▶ Task statement: Could you write out, exactly, every line from the top of the data through the line holding "УПРАВЛЕНИЕ ВЗАИМООТНОШЕНИЯМИ С"? Omit the pictures.

▶ Collected material:

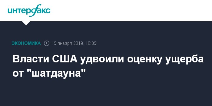 Москва. 15 января. INTERFAX.RU - Правительство США увеличило оценку ущерба экономике страны от частичной приостановки работы федеральных учреждений в два раза, пишет CNBC со ссылкой на информированный источник в правительстве.
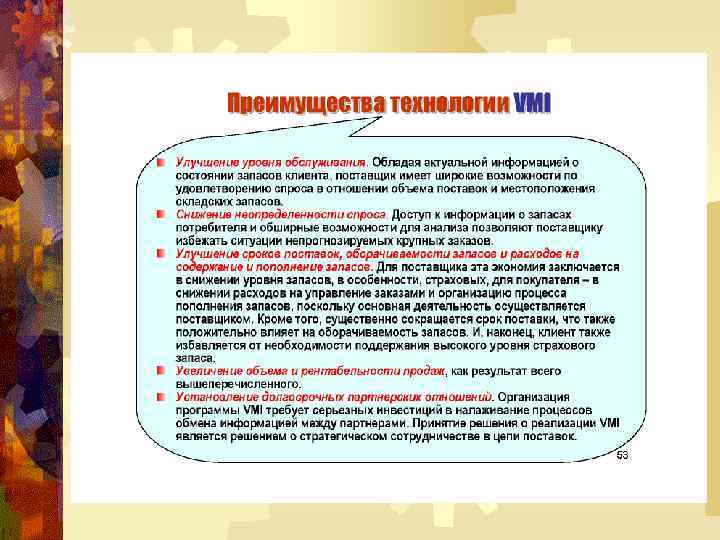 УПРАВЛЕНИЕ ВЗАИМООТНОШЕНИЯМИ С ПОСТАВЩИКАМИ Основные потенциальные выгоды, усиливающие стремление к партнёрству: ® эффективное использование активов/ затрат; ® улучшение обслуживания потребителей; ® маркетинговые преимущества; ® стабильность/ рост прибыли.
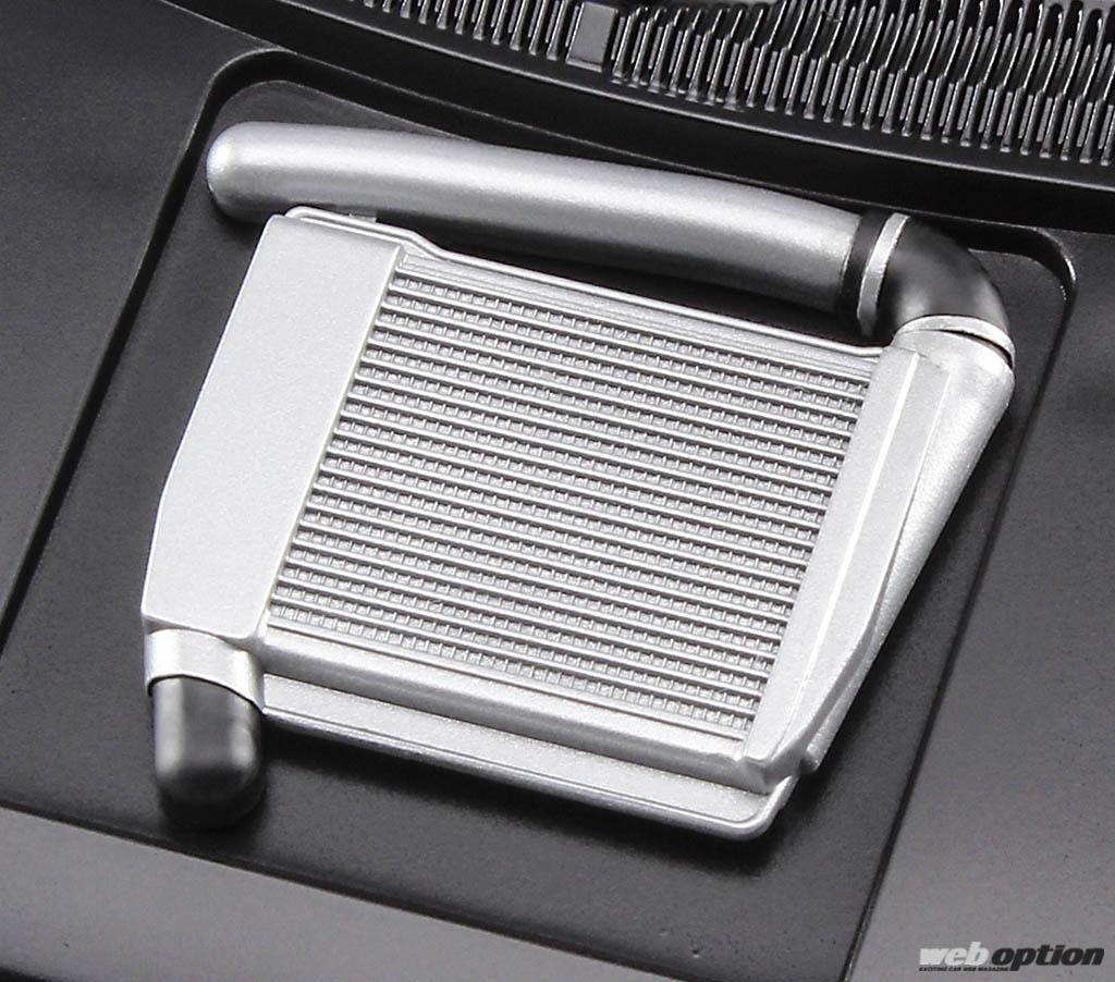 GTI-Rのチャームポイントでもあるエンジンバルジ内のインタークーラーは、単体でパーツ化して高精度化。ハセガワの変態っぷりが最大限発揮されたポイントと言えるだろう。

▶ Result of the exercise:
 Москва. 15 января. INTERFAX.RU - Правительство США увеличило оценку ущерба экономике страны от частичной приостановки работы федеральных учреждений в два раза, пишет CNBC со ссылкой на информированный источник в правительстве.
 УПРАВЛЕНИЕ ВЗАИМООТНОШЕНИЯМИ С ПОСТАВЩИКАМИ Основные потенциальные выгоды, усиливающие стремление к партнёрству: ® эффективное использование активов/ затрат; ® улучшение обслуживания потребителей; ® маркетинговые преимущества; ® стабильность/ рост прибыли.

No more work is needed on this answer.